We ate some more Snickers and sat.
It felt good to have someone with me. To not be alone.
“My brother totaled his truck,” he told me. “He had to go to the ER.”
“Oh,” I said.
Then I said, “Joe and his girlfriend got caught making out in my dad's car.”
“Which one?”
“The Mustang.”
He laughed.
We talked about whether Snickers or Reese's Peanut Butter Cups were better. He told me he hated washing dishes at his dad's Little Caesars and I said I always felt bad he had to work there and he explained Guns N' Roses is actually a really good band.
“They just scream.”
“They don't scream,” he said. And then he started singing “Sweet Child O' Mine.”

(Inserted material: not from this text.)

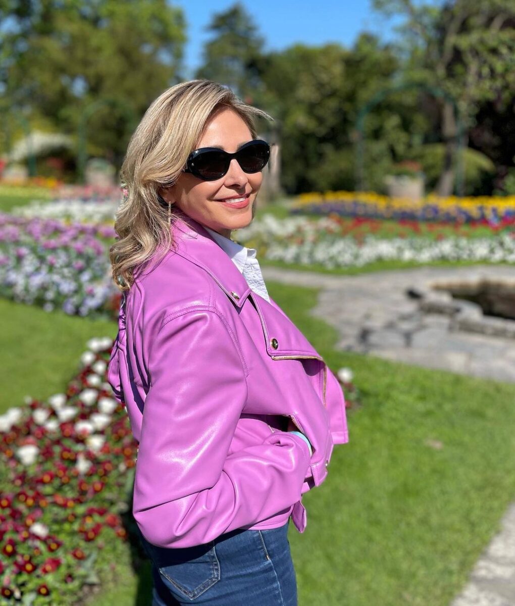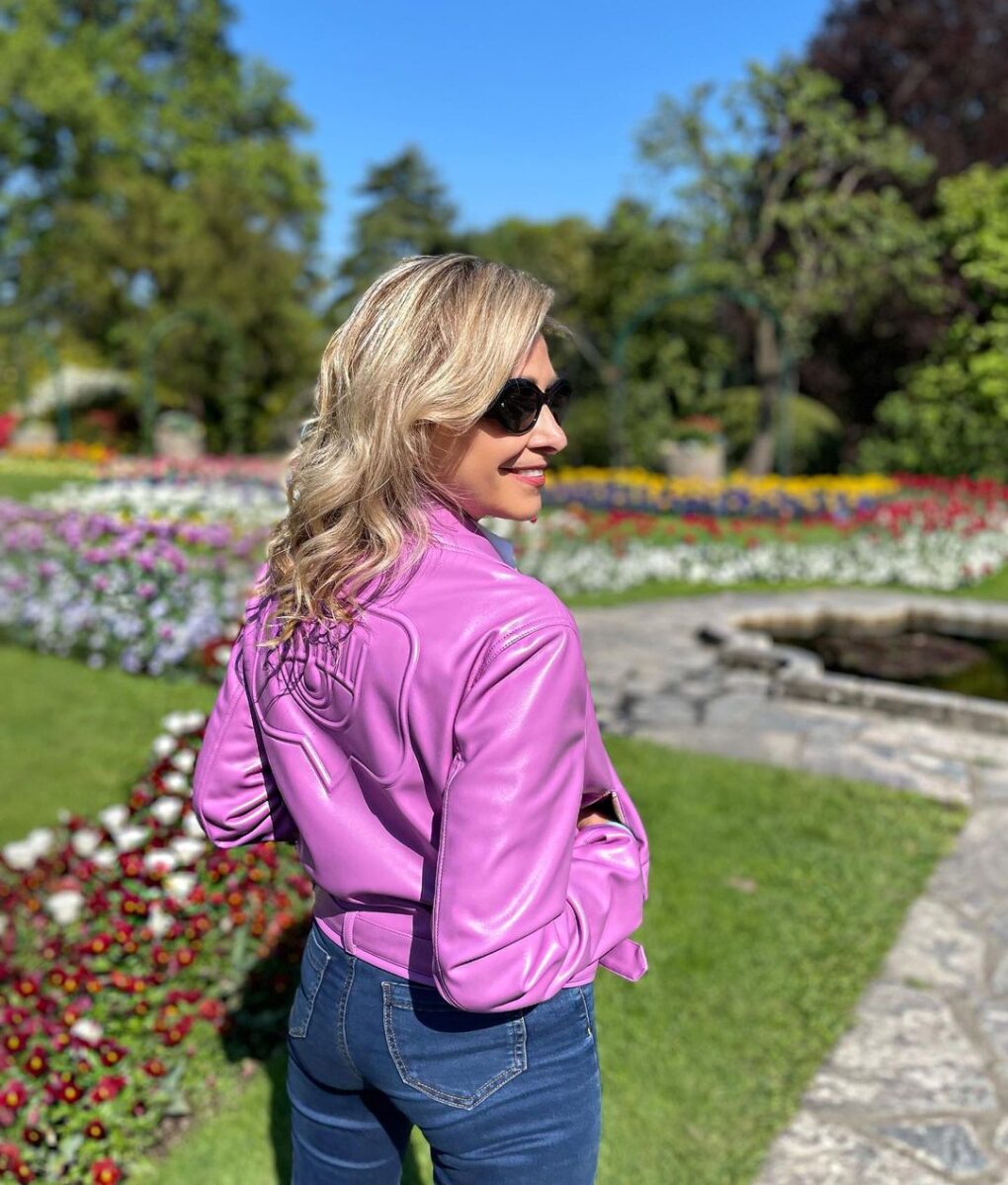 Capelli biondi leggermente ondulati, jeans a zampa, camicetta bianca e sopra uno chiccosissimo chiodo lilla. A passeggio tra i fiori e le piante secolari del Parco Pallavicino di Stresa, sul Lago Maggiore, Marina Di Guardo da lontano sembrava sua figlia Chiara Ferragni. In realtà, le ha solo “rubato” il giubbotto.

So we sat there all day long while everyone else was in school.
We sat there all day long and waited for Kim.
Every hour on the hour I made him be quiet and I sat with my legs crossed and my eyes closed and he said, “Should I hum something.”
“Shhh.”
“Should I close my eyes?”
I looked at him. “Uh. Yeah.”
He closed his eyes.
And every hour on the hour, she didn't come.